• **REQUIRED WORK**
In the material below, pictures must be dropped. Repeat exactly, and only, the lines from the line with "أهلاً بكم في" to the line with "В разговора си", both ends included.

• **RECORDS TO PROCESS**
══════
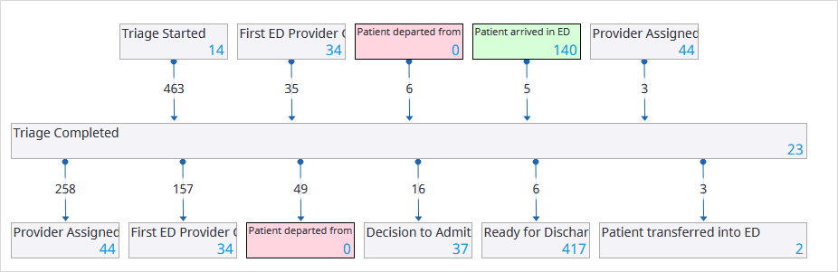 the steps in a process as rectangles with the number of instances between steps
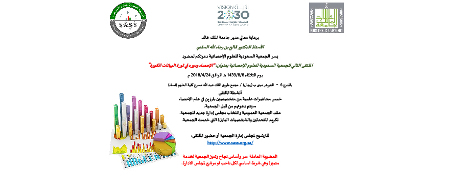 أهلاً بكم في الموقع الرسمي للجمعية السعودية للعلوم الإحصائية (SASS).  برعاية كريمة من معالي مدير الجامعة سعادة الاستاذ الدكتور فالح بن رجاء الله السلميسيعقد ملتقى الجمعية الثاني في رحاب جامعة الملك خالد حيث سيكون عنوان الملتقى (الإحصاء ودورة في ثورة البيانات الكبيرة (والضخمه)) وسيتخلل الملتقى التالي:
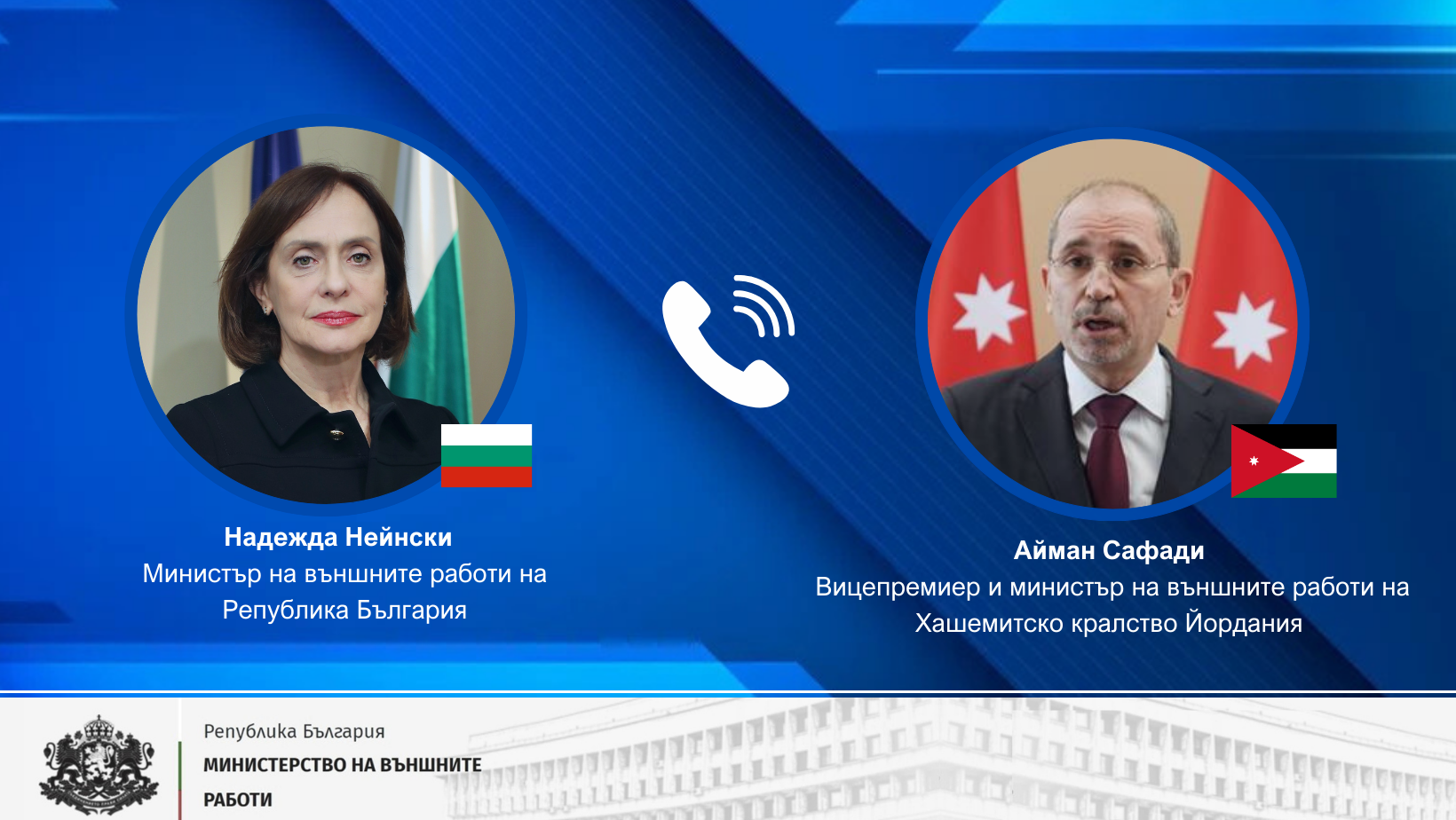 В разговора си с вицепремиера и външен министър на Йордания Айман Сафади министър Нейнски изрази солидарност с йорданската страна в настоящия критичен за региона период. Двамата се обединиха около разбирането, че Иран следва да прекрати ударите по съседни държави и да работи за деескалация на напрежението. Бе поставен акцент и върху необходимостта настоящата криза да не отклонява вниманието от ситуацията в Газа и изпълнението на втората фаза от Всеобхватния план за прекратяване на конфликта в Газа.
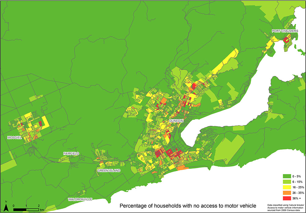 Figure 11. Percentage of households with no access to a motor vehicle (fuller maps available at www.dunedin.govt.nz/annual-plan).
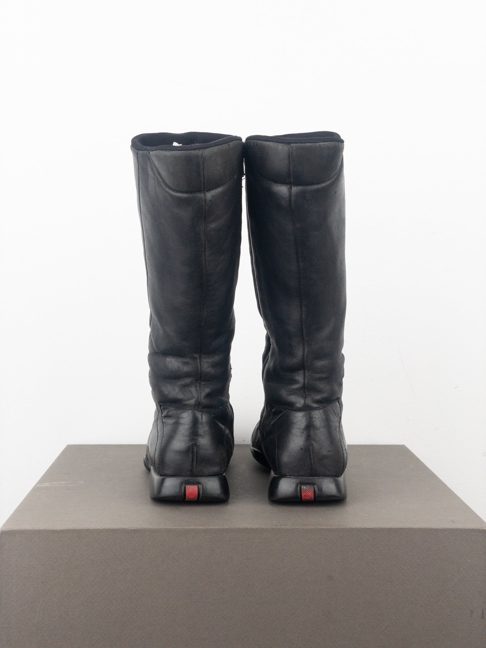Prada AW99 Knee High Square Toe Biker Moto Sports Boots
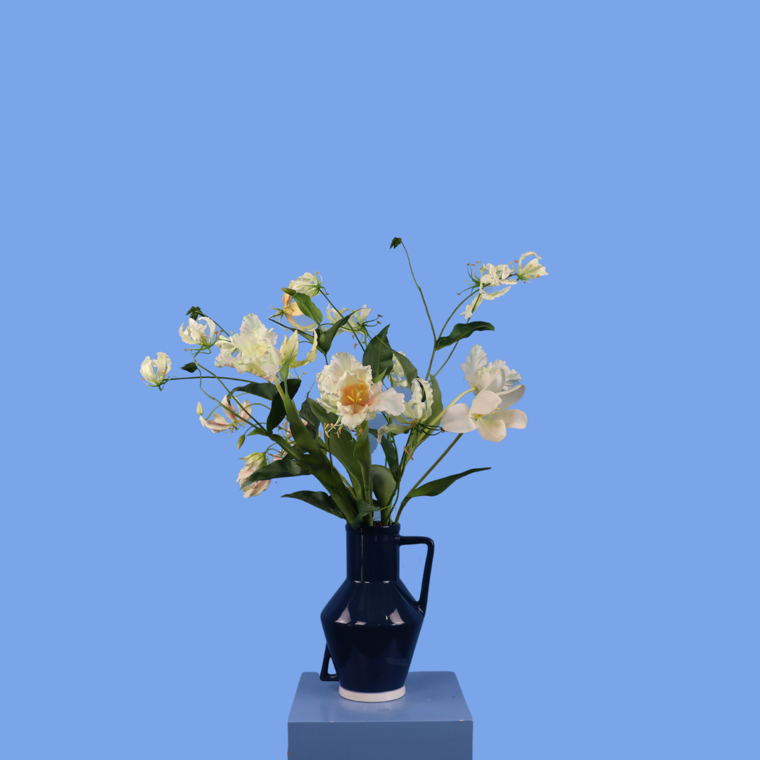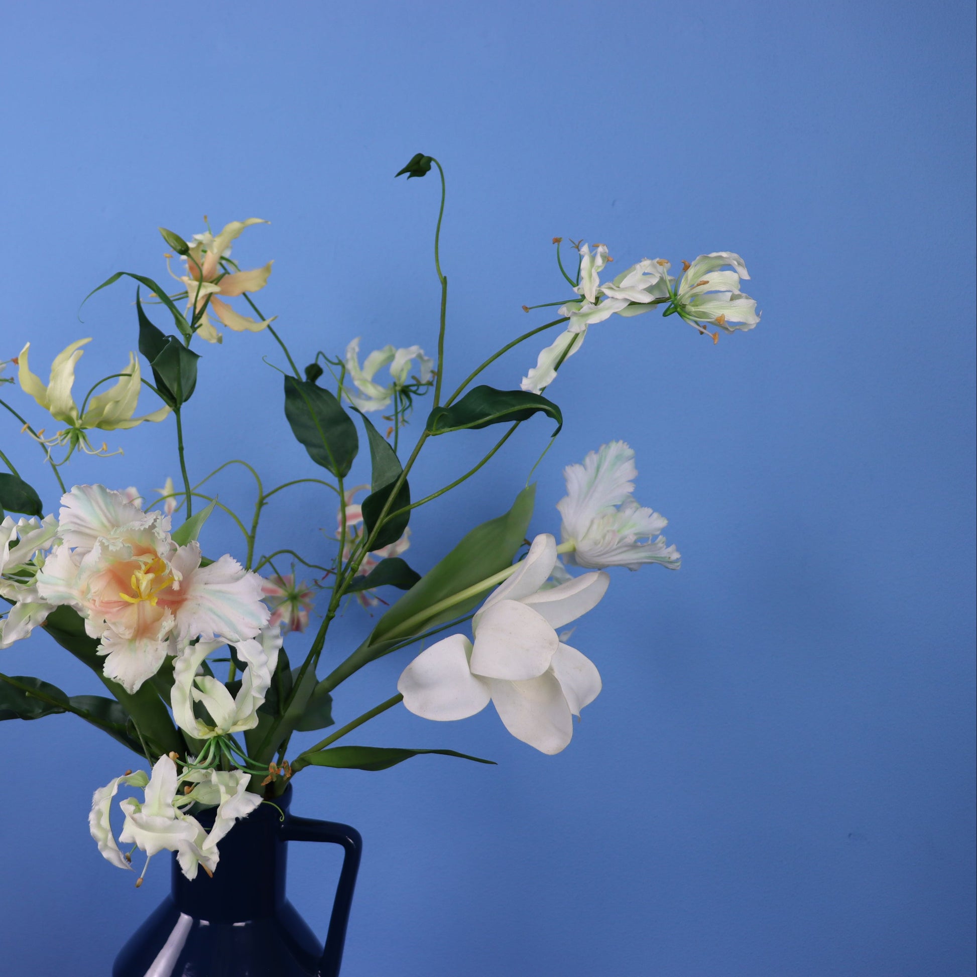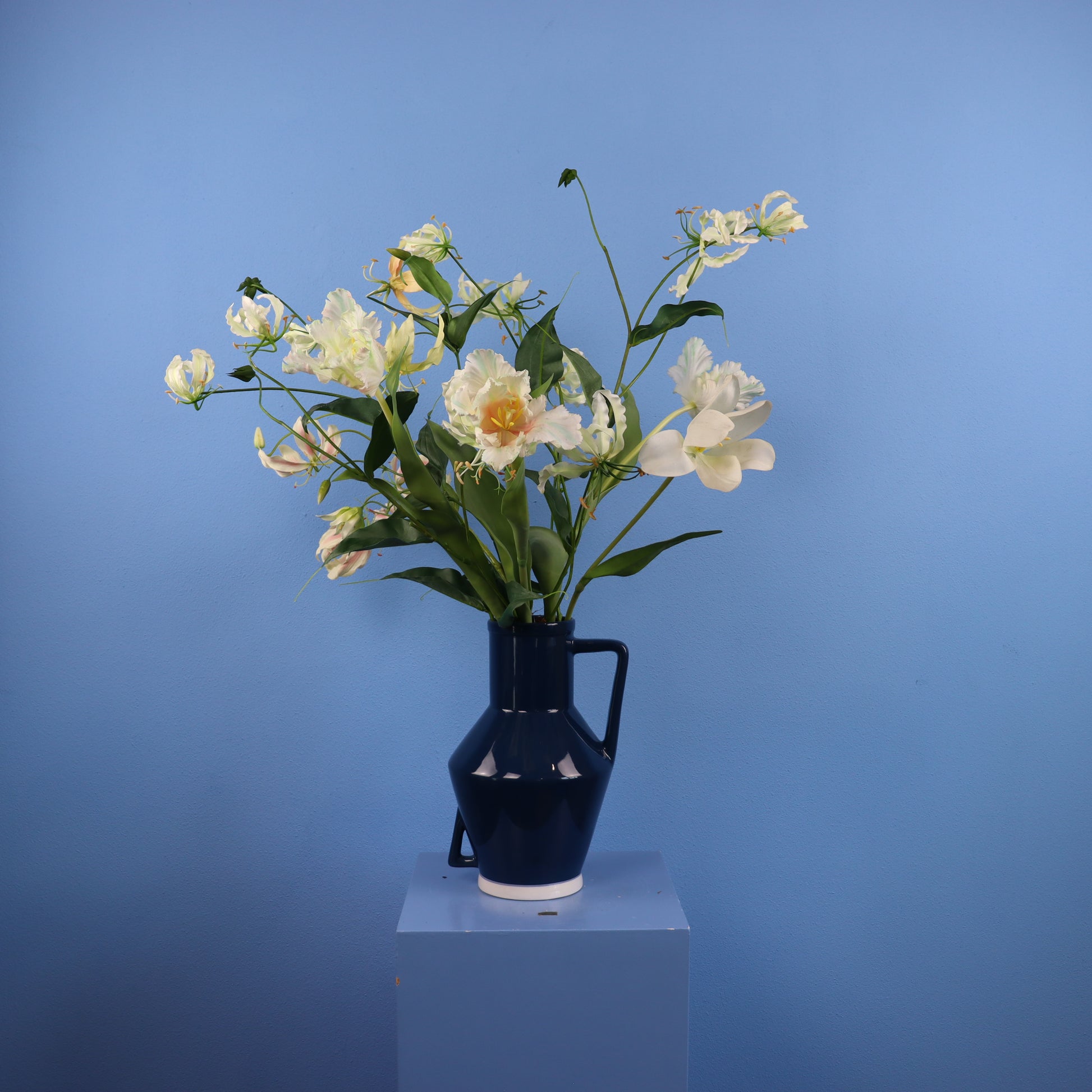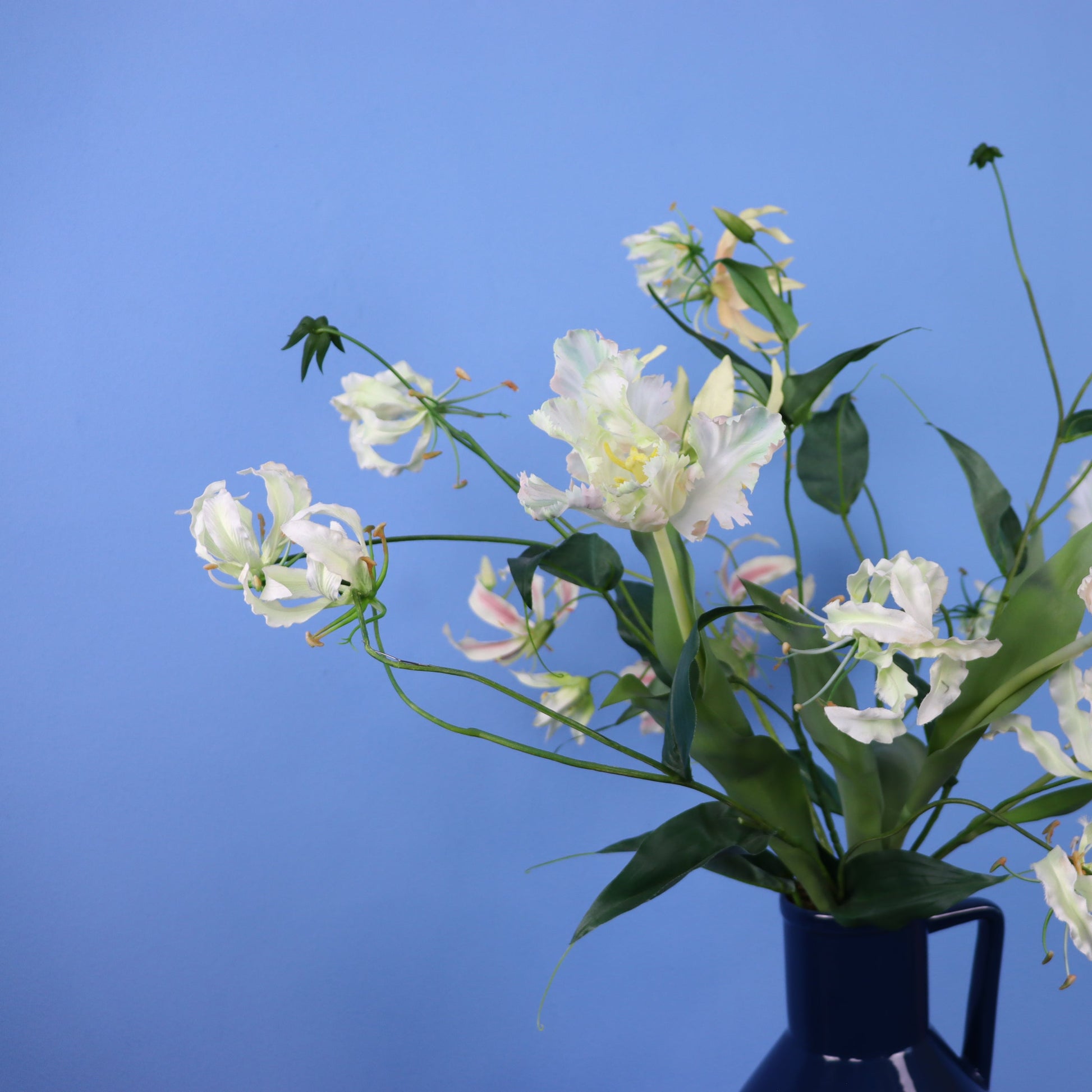 Een blauwe Return to Sender vaas gevuld met klimlelie's
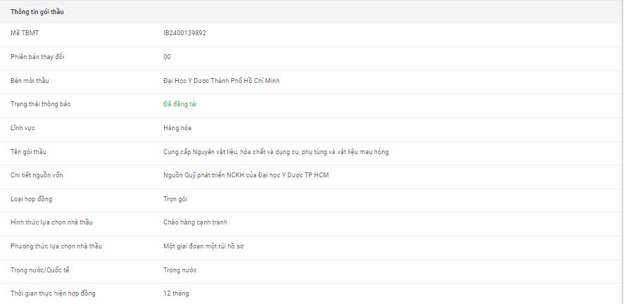 Nguồn kinh phí: Nguồn Quỹ phát triển NCKH của ĐHYD TPHCM Thời gian đóng/mở thầu: 10 giờ 00 ngày 25/6/2024
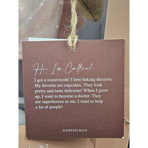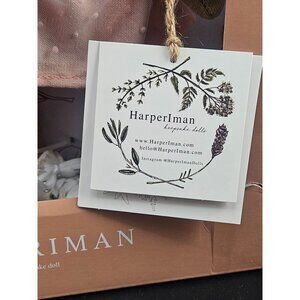 This 14-inch Harperiman Callie Keepsake Doll features exquisite craftsmanship and thoughtful design, celebrating diversity with graceful detailing. Handcrafted with soft fabric, Callie wears a delicate pink dress with a dotted mesh overlay, a matching headwrap detailed with colorful polka dots, and tied-on soft yarn curls. Safe for light imaginative play, the doll comes in its original gift box, perfect for collectors. Harperiman, a company focused on representation, celebrates self-expression, creativity, and identity through meaningful dolls. Note: packaging has minor damage while the doll remains untouched and in pristine condition.
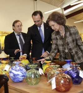 La reina Sofía ya está en Mallorca donde disfrutará de unos días de descanso. Aún así, la soberana ha querido conocer de primera mano el funcionamiento de la fábrica de vidrio Lafiore, situada en la localidad mallorquina s’Esglaieta, en el municipio de Valldemossa. Acompañada por el presidente del Govern balear, José Ramón Bauzá, doña Sofía, que ha vestido para la ocasión una chaqueta de cuadros marrones y pantalones negros, se ha interesado por la técnica tradicional de elaboración de objetos de vidrio mallorquín que emplean los artesanos de esta empresa familiar.
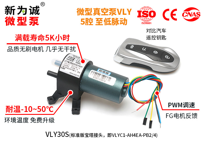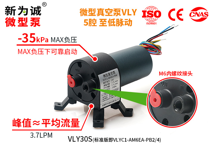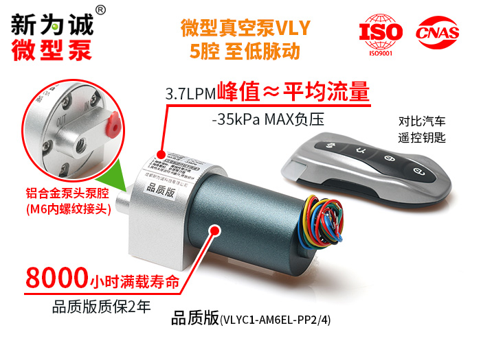 2)VLY系列稳流微型真空泵,可在泵吸气口处于MAX负压时,可靠重启(搭配我司推荐电源下)!
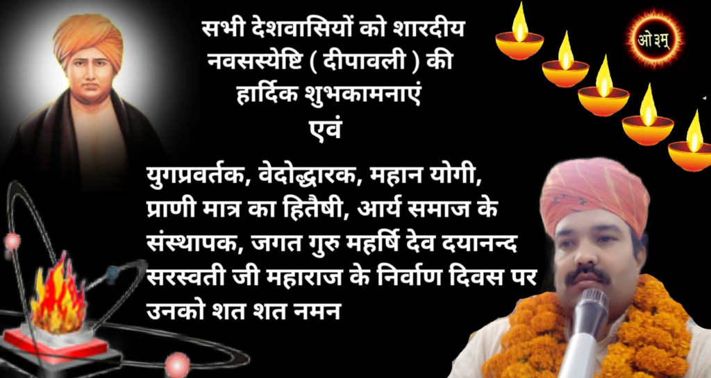 आर्य समाज के संस्थापक, महान योगी, प्रसिद्ध समाज सुधारक, वेदोद्धारक, युगप्रवर्तक, जगत गुरु महर्षि दयानन्द सरस्वती जी महाराज का दीपावली की सांय 30 अक्तूबर 1883 को अजमेर में निर्वाण हुआ।
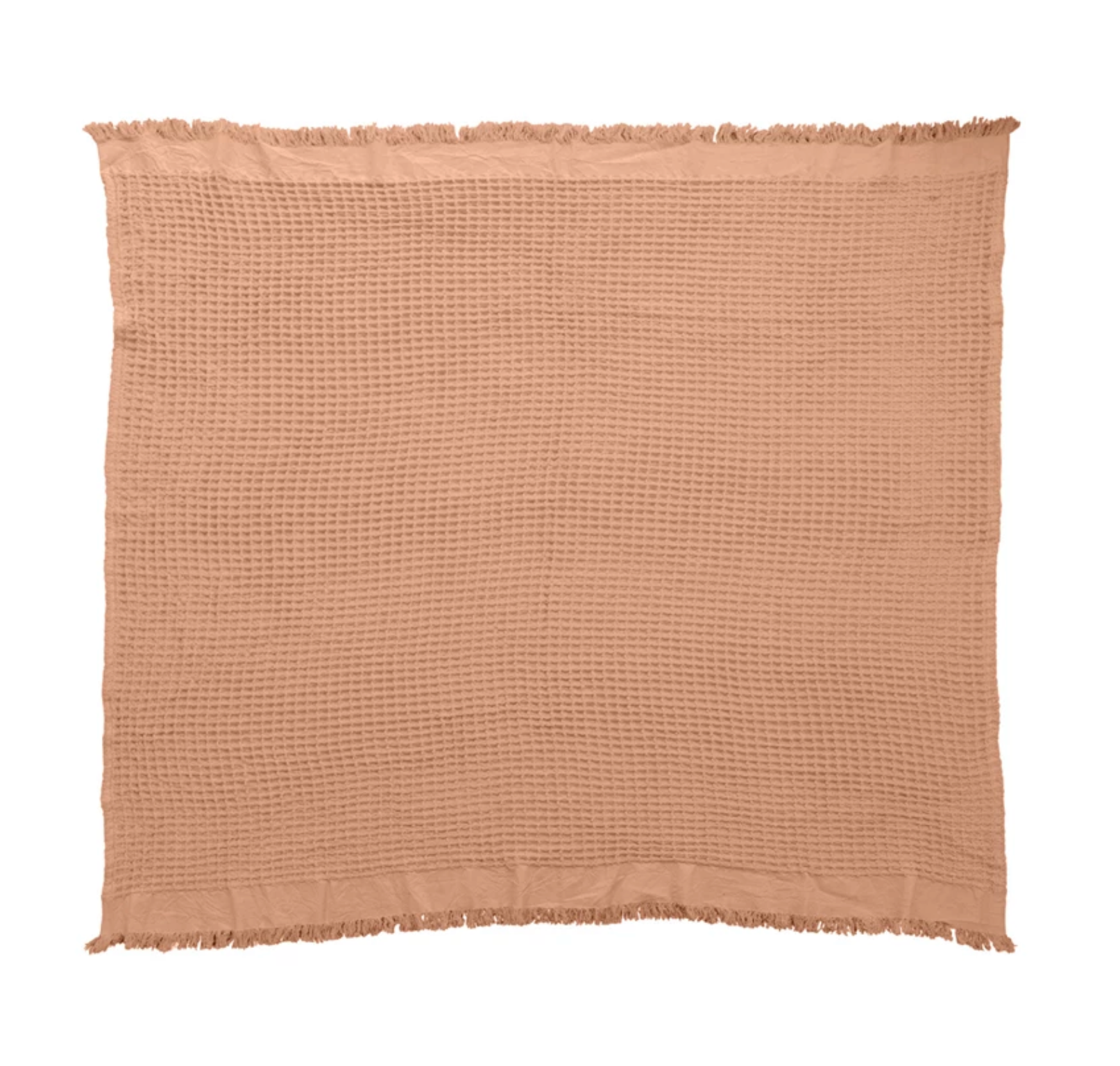 Dimensions: 60"L x 50"W Cotton Waffle Weave Throw with fringe detail
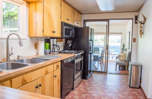 Entering the home you will find an open layout kitchen, dining area, and relaxing living room with fireplace. Our well stocked kitchen is perfect for all your cooking needs. We also provide complimentary coffee and tea, and laundry pods/dryer sheets in our laundry room.
══════
• **ANSWER SECTION**
 أهلاً بكم في الموقع الرسمي للجمعية السعودية للعلوم الإحصائية (SASS).  برعاية كريمة من معالي مدير الجامعة سعادة الاستاذ الدكتور فالح بن رجاء الله السلميسيعقد ملتقى الجمعية الثاني في رحاب جامعة الملك خالد حيث سيكون عنوان الملتقى (الإحصاء ودورة في ثورة البيانات الكبيرة (والضخمه)) وسيتخلل الملتقى التالي:
 В разговора си с вицепремиера и външен министър на Йордания Айман Сафади министър Нейнски изрази солидарност с йорданската страна в настоящия критичен за региона период. Двамата се обединиха около разбирането, че Иран следва да прекрати ударите по съседни държави и да работи за деескалация на напрежението. Бе поставен акцент и върху необходимостта настоящата криза да не отклонява вниманието от ситуацията в Газа и изпълнението на втората фаза от Всеобхватния план за прекратяване на конфликта в Газа.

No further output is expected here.